2001/04/11 産経新聞夕刊
【和田秀樹のべんきょう私論】受験勉強は心に悪いのか? 課題与える効用
◆精神的に安定も
前回、私が2人の娘を私立小学校に通わせていると書いたことで、受験勉強は他人事と考えていると思われたかもしれないが、事実はまったく逆である。
今後、本コラムでその理由を書くつもりだが、私は受験勉強そのものが、子どもの発達のために好ましいと考えている。受験勉強をさせて希望の学校に入れず、公立中学に入ることになっても、その勉強は無駄ではないのである。
私自身、上の子どもを中学受験をさせずに系列の中学校に進ませることになるはずだが、それでも、とある名門中学受験塾に小学4年から通わせている。成績の面で妥協は許していないし、宿題はすべてやらせるようにしている。
受験勉強に効用があるかどうかの前に親が悩む問題として、受験勉強のストレスで子どもをおかしくしないかという問題がある。
精神科医の立場からすると、通常の受験勉強をさせておいて、子どもがストレスでおかしくなることはないと断言できる。
ただし非常にストレスに弱い子どもは確かにいる。しかし、そういう子どもは、失恋や学校のストレスでも精神的におかしくなってしまう。つまり受験勉強だけに弱いという子どもはいないのである。
現実に、同じように受験勉強をしていて、95%以上の子どもは精神的な問題を起こさない。受験勉強が心に悪いというなら、その理由を説明しないといけないだろう。
おそらくは、受験勉強でおかしくなる子どもというのは、先天的にストレスに弱かったり、あるいはこれまでの親子関係、人間関係に問題があったのだろう。

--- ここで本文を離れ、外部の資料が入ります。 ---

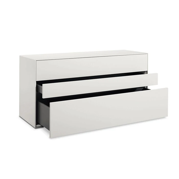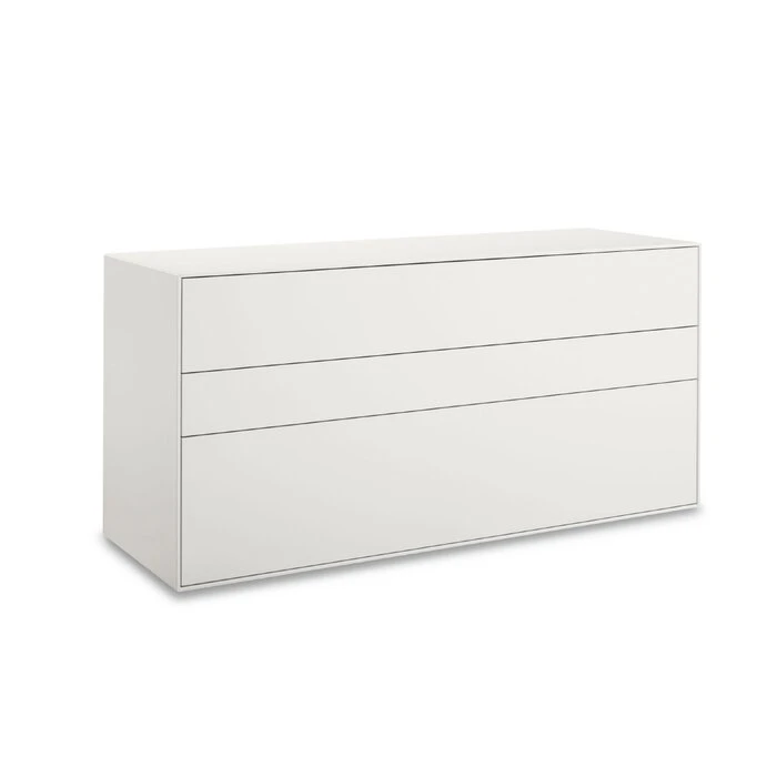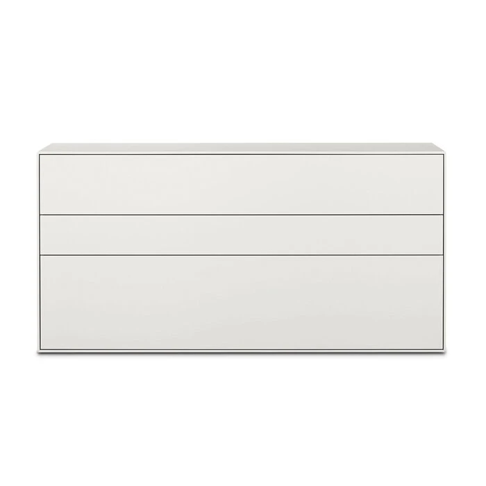 - Front und Korpus aus Spanplatte in Lack reinweiß

たとえば、小さい頃から愛情をかけてもらえなかった子どもが、たまたま勉強ができて、教師や周囲からほめられると親が掌を返したように可愛がり始めたとしよう。すると、その子どもは、万が一、勉強ができなくなると親にまた愛してもらえないと感じるはずだ。こういう場合は、勉強ができないことに過剰なプレッシャーを感じる。

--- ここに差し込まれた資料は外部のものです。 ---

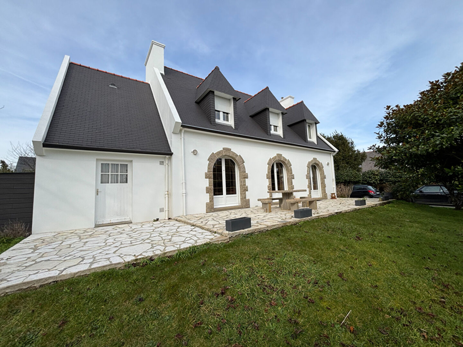 découvrez cette belle maison d'architecture néo-bretonne des années 70. Située dans le bourg à quelques pas du centre ville de Fouesnant et de ses commodités. Ce bien est construit sur un terrain de 1694m² dans lequel le calme et la sérénité règne. Au rez-de-chaussée, on peut retrouver une grande entrée amenant un beau séjour doté d'une cheminée qui donne cet atmosphère chaleureux. La cuisine aménagée et équipée quand à elle plaira aux amateurs de convivialité. On y retrouvera aussi une chambre avec placards, un W.C séparé ainsi qu'une terrasse. A l'étage, un grand couloir dessert 4 chambres allant de 10 à 20 mètres carrés, parfait pour les grandes familles ou pour accueillir des amis. On y retrouvera aussi une salle de bain ainsi qu'un W.C séparé. Cette maison contient aussi 2 garages

これまでの愛情が十分でなかったり、親子関係が悪い場合、感情のコントロールが悪く、不安も強い子どもになりがちなので、受験競争のようなストレスに弱い可能性はあり得る。この場合、ほかのストレスにも弱い子どもなのだ。
ただ、そういう脆弱な子どもに対しても受験勉強が精神的にプラスである可能性もあり得る。というのは、受験戦争が激しかった時代のほうが、自殺率などが下がっていたという統計もあるからだ。

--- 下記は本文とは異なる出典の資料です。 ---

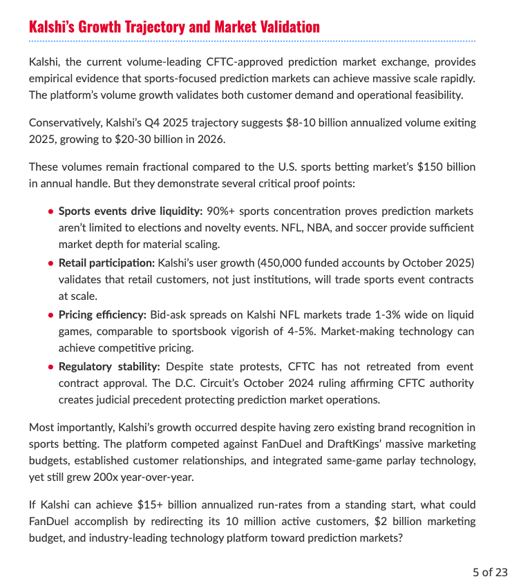 “The emergence of sports prediction markets creates massive risk for FanDuel: if they stand down on entering sports prediction markets, they risk missing what may be the biggest shift in the industry since the repeal of PASPA,” writes Chicago-based researcher and semi-professional sports bettor Adam Robinson, a board member of sports betting advocacy group American Bettors’ Voice. “On the other hand, entering these markets could jeopardize their state-regulated business model.”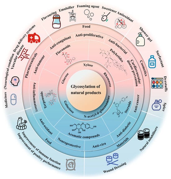 Glycosylation can significantly improve the physical and chemical properties and biological activities of many NPs, such as enhancing selectivity, solubility, stability, reducing the toxicity of compounds, enhancing pharmacological activity, and prolonging the duration of drug action []. The alteration of the sugar side chain structure in NPs has a significant impact on the activity, selectivity, and pharmacokinetic properties of the parent compound []. The addition of hydrophilic groups can make NPs more easily absorbed, thereby enhancing their pharmacological properties. Sun et al. [] reported that glycosylation is an important method for modifying various flavonoid compounds, with glycosides having higher solubility, stability, and bioavailability compared to the corresponding aglycone. The introduction of sugar moieties into non-glycoside compounds not only confers different molecular and spatial-electronic properties to NPs, but also the glycosylated modified NPs usually have a more stable structure. In recent years, the glycosylation of NPs has demonstrated attractive characteristics and a broad application prospect in new drug development. Glycosylation-modified NPs, such as Urdamycin [], Adriamycin [], Aclarubicin [], Erythromycin [], megalomycin C [], calicheamicin [], Staruosporine [], Vancomycin [], Digitoxin [,], Amphotericin B [], and rebeccamycin [], are important sources of drugs or drug precursors and are widely used in the pharmaceutical field. Glycosides have various applications in the treatment of respiratory diseases, lowering cholesterol, analgesic and sedative effects, preventing scurvy, and treating cancer []. Currently, glycosylated NPs are used as antibiotics (e.g., pikromycin, kanamycin, vancomycin), anti-tumors (e.g., kaempferol, apigenin), anti-inflammatories (e.g., quercetin), and antioxidants (e.g., naringenin). In addition to the pharmaceutical industry, glycosylated NPs are also widely used in the food, feed, cosmetics, materials, and other industries [].

世界中の先進国がかなり自由な教育を進めた1960年代後半からの20年間は、子どもの精神衛生は最悪の時代だった。アメリカでは15歳から19歳までの自殺率が3倍になり、先進国でも軒並み自殺率は急増した。
ところが、その期間に日本だけは、自殺率が下がっている。65年に人口10万人あたり7・4人だったのが、85年には5・1人になっている。
この時期の日本の受験競争の激しさは今の比ではなかった。学力も今よりはるかに高かった。ところが、自殺率は下がっているのだ。
恐らく、不安定になりやすい思春期の子どもには、何らかの明確な課題を与えた方が精神的に安定するのだろう。
中学受験はこの年代より若い層ではあるが、少なくとも受験勉強が心に悪いという統計上、医学上の根拠はない。余計な心配より、親が自信をもって勉強をさせたほうが、子どものメンタルヘルスにはよいと信じて、よい教育ママ・パパになってほしい。
◇和田 秀樹(わだ ひでき)
1960年生まれ。
東京大学医学部卒業。
東京大学医学部付属病院精神神経科助手を経て現在、一橋大学経済学部非常勤講師、東北大学医学部非常勤講師、川崎幸病院精神科顧問などを務めるかたわらマスコミにて積極的な言論活動を展開している。精神科医。